I'm not sure if this question belongs in PQ but it's my best guess.
I've worked with live data connections and SQL queries before, and thus I know how easy it is when you can just refresh your data right in Excel, add columns with formulas, etc. Suffice it to say, I don't have this right now.
My current assignment is this.....I receive 5 data extracts every month. The extracts are in a couple of different formats but I have been converting them all to xlsx files. If they are too big (they go up to about 600,000 rows) I chop them into a few files. I save everything in a folder that I'll refer to as my "source data."
Next, I have a bunch of Excel files set up with calculations, charts, etc. In each of these I have to paste some data on one sheet and the formulas that are in the other sheets will get recalculated. To do this, I go to the source data files that I referred to above and cut and paste the parts that I need into my other Excel files.
This process is pretty ordinary in monthly accounting but for analysis it's cumbersome because if you want to analyze (or visualize) a certain item for the year, it means you have to go to 12 files and copy + paste. In addition, I have to re-do everything every month as if I were a human macro
If not for the size, I would simply append new months to each file and have 5 really big tables to work with. The problem is calculations are very slow, not to mention I'm limited to the million rows.
With all that said, should I be using Power Query and Power Pivot as well as Excel? I'm looking for conceptually how the process would look.
A million thanks!
Hi Martha,
That sounds like a good task for Power Query and Power Pivot. Keep in mind that you don't have to bring all the data into an excel sheet with PQ or PP. Data can be stored only in the data model, that can keep up to 300 million rows, according to Microsoft. You can load to sheet only a report for a certain item, using slicers, parameter tables, you're not even close to the limits of PQ and PP 🙂
Half a million rows will be a problem if you apply formulas to the tables produced, you should do all the calculations within PQ and PP. Don't even load the tables to sheets, just as connections, you can use those connections to insert a pivot table.
Thanks, that makes perfect sense to keep the data in the data model and not Excel.

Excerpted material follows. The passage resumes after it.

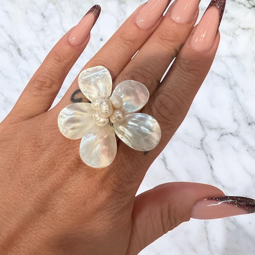 Anello fiore in madreperla
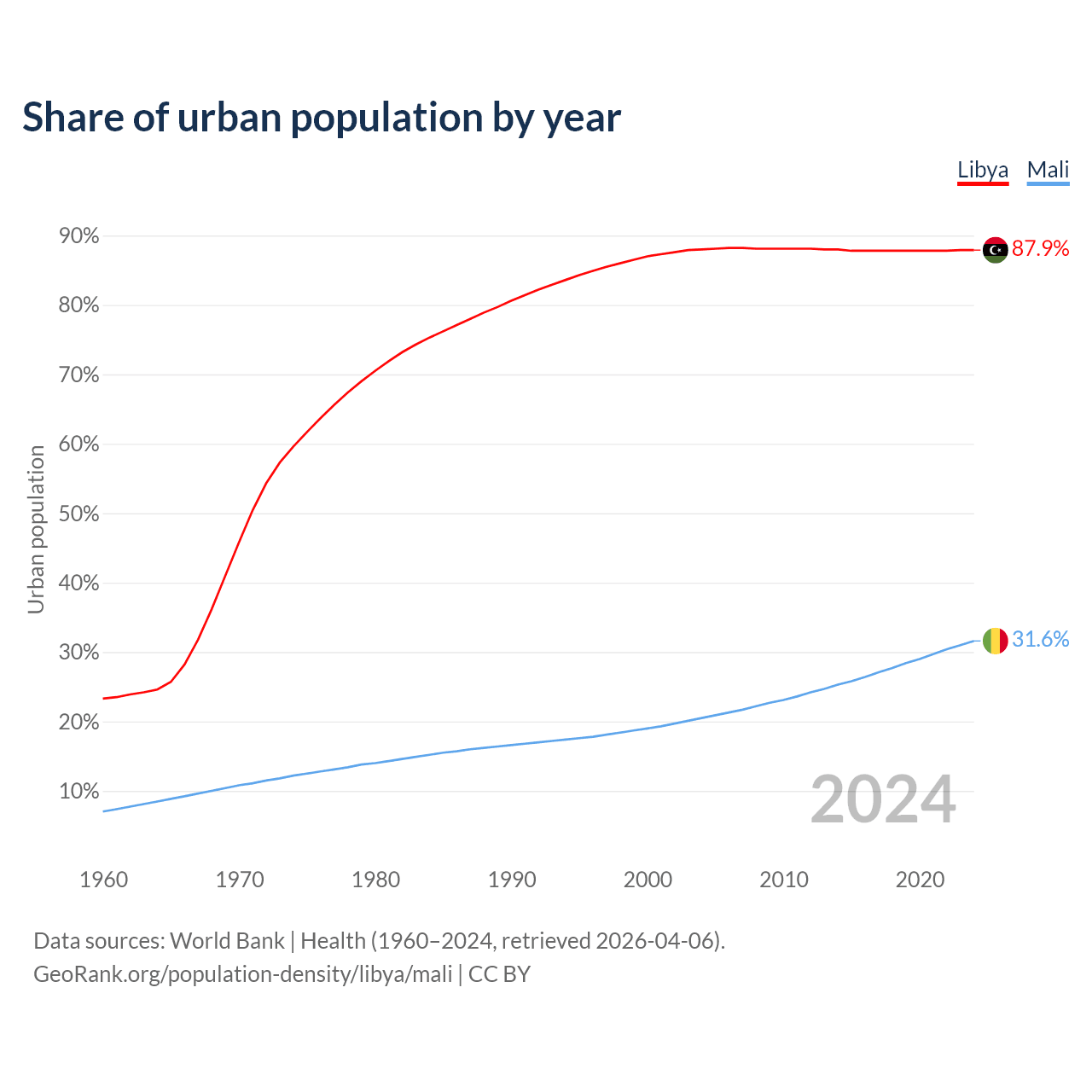 From 2004 to 2024, the share of urban population changed from 88% to 87.9% in Libya and from 20.5% to 31.6% in Mali.

Help me to understand something that just isn't clear to me....since it is possible to have a data connection with either PQ and PP, and since you can do things to the data in both PQ and in PP, how then do you decide when to use PQ and when to just load the data to PP?
It would be clear if the data needed a lot of work such as unpivoting; then I would use PQ first. But in my present task the data I have to load needs very little manipulation - I only have to add a couple of columns that take something from another column (in Excel it's text and mid formulas). My understanding is it's easier to learn DAX than M so I thought I might be able to load the data directly to the data model from external Excel tables. Have I missed the boat completely and I should ALWAYS put the data in PQ first?
I'm feeling like
Hi Martha,
The general rule is if you need to add calculated columns then you should use Power Query to do this as it's more efficient, whereas if you need to add measures then this is only possible in Power Pivot.
You might be surprised to find that you don't have to learn M to perform most tasks you want to do in Power Query, including parsing text.
Mynda